Professor of Biological Sciences and Chemistry Brent Stockwell not only encourages his students to use smartphones and tablets in class – he requires it.
Determined to make class time more valuable, during summer 2013, Stockwell enlisted the services of the Columbia Center for New Media Teaching and Learning (CCNMTL) to redesign his “Biochemistry: Structure and Metabolism” course using digital tools.
Stockwell wanted his students to be better prepared for class and to have incentives to attend even though lecture slides are available on Courseworks. He also sought to make the material more accessible for students who struggle to grasp scientific concepts in the traditional format. “If it’s just a passive lecture, and you can deliver that to people around the world, then what is the value added for students to be at Columbia?” says Stockwell. “There should be some advantage to being physically present.”

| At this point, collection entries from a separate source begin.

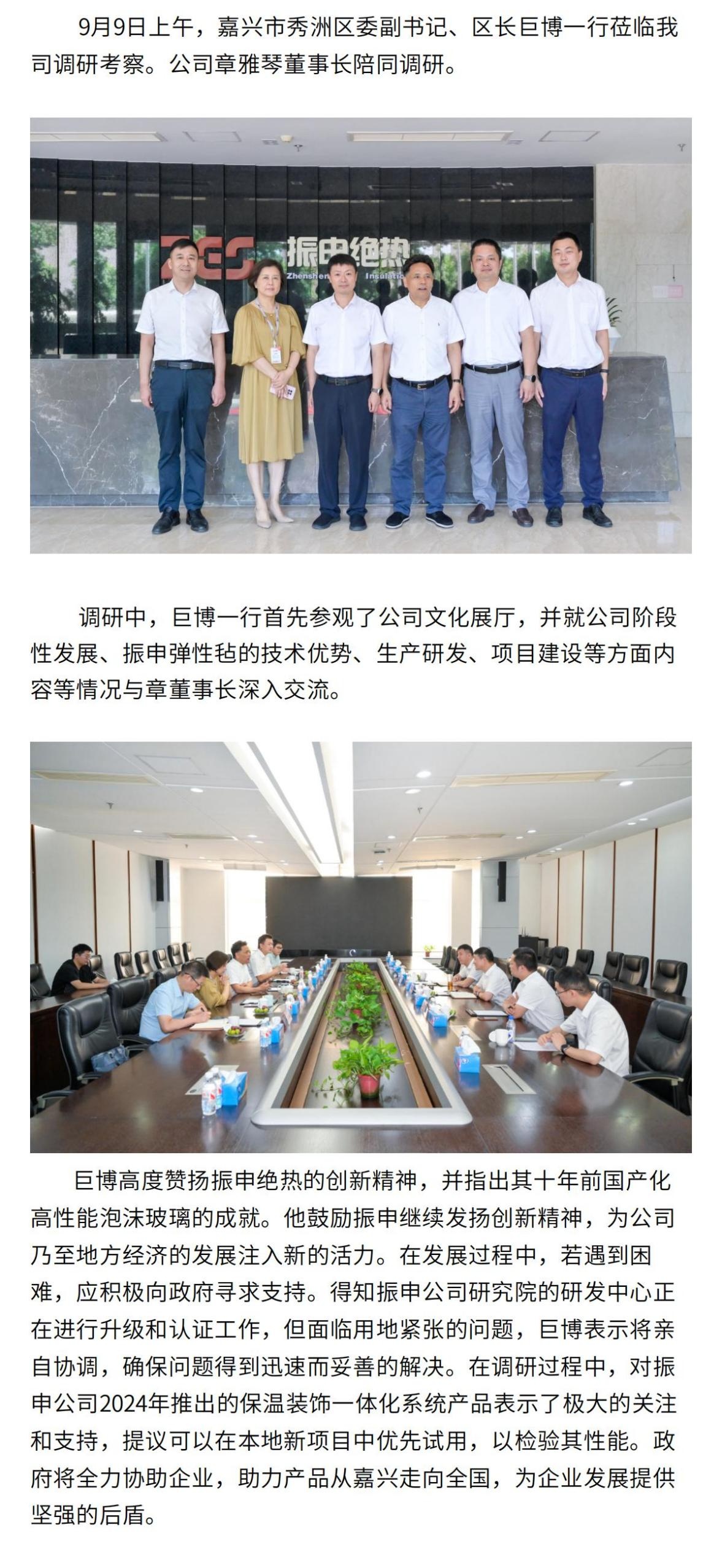 嘉興市秀洲區(qū)委副書(shū)記、區(qū)長(zhǎng)巨博一行蒞臨振申絕熱調(diào)研考察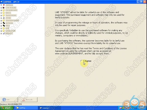 CarProg v10.93 operating system: Windows XP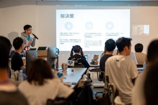 そしていよいよプレゼンテーションタイム。4分間で企画の概要とプロダクトデモを行い、ビジネス面・推し活面・技術面など、多様なバックグラウンドを持つ審査員との質疑応答が行われました。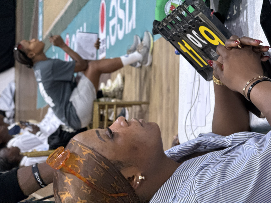 The scene is set indoors at a sports facility in Iganmu, Nigeria, likely a gymnasium or basketball court, identifiable by the light brown wooden floor and a teal-green court surface with white markings. In the foreground, a woman with dark skin and long eyelashes is seated, oriented in profile looking rightward out of the frame. She wears a brown headwrap patterned with the "LV" (Louis Vuitton) monogram, with a translucent orange object, possibly the arm of sunglasses, resting on top. She is dressed in a light blue and white striped collared shirt, and wears small stud earrings – one diamond-like and one silver-toned. Her left wrist displays a gold-toned watch or bracelet, while her right wrist has multiple bracelets, including one black with white accents and another gold-toned. Her fingernails are painted red with white polka dots. Her hands are clasped over a black flip score indicator displaying the numbers "1109". A black smartphone is partially visible beneath her right hand. On a white surface in front of her, papers with drawn lines and what appears to be electrical wiring are visible. To the right, a green object, possibly a banner or mat, is partially seen. In the mid-ground, slightly behind and to the right of the foreground woman, another woman with dark hair tied back sits on a light brown wooden stool. She wears a dark grey t-shirt, light grey shorts, white socks, and grey athletic shoes, and holds a clipboard and pen, also looking out of frame to the right. Further back, several blurry figures are visible, some seated on similar wooden stools. One individual on the far left wears a black armband with "ECOFLO" printed on it.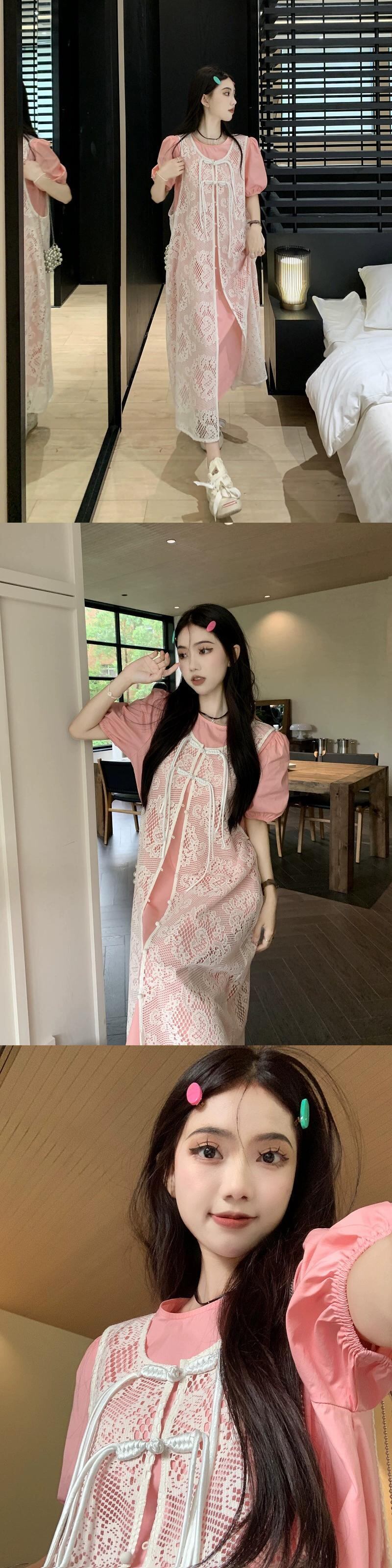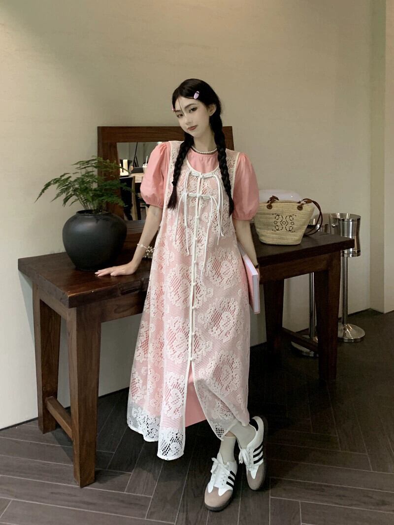 優しい風スーツの女性、夏の甘いピンクのパフスリーブドレス、レイヤードレースベストドレス、ファッショナブルな2点セット レッド 大人ガーリー スウィート キュート カジュアル サマー 夏物 missk62772487670

With those goals in mind, Stockwell worked with Michael Cennamo, a senior educational technologist at CCNMTL, to develop a “blended learning” model that requires students to watch prerecorded lectures and complete corresponding quizzes for homework. Class time is devoted to discussions, during which students use smartphones or tablets – for the students in the class who do not have their own, iPads are supplied by Columbia College Information Technology – to answer questions anonymously via a web-based audience response system. The questions, which are graded, provide Stockwell with instant feedback. “He is a more agile teacher because he’s seeing, in real time, if his students are getting the concepts, and must then make the decision to back up or go forward,” says Cennamo.
Leila Musavi CC’15, a pre-med student, found the in-class polling useful when studying for exams. “You could tell what the really important information was by the types of questions he asked in class,” says Musavi, who is returning to the class as one of Stockwell’s teaching assistants in fall 2014.
During class, Stockwell’s students also tackle biochemistry problems in small groups formed at the beginning of the semester. The scenarios are generally too challenging for any one student and therefore require collaboration. “I wanted to bring that aspect of actual research into the classroom and have students feel they are working together to conquer the material,” says Stockwell.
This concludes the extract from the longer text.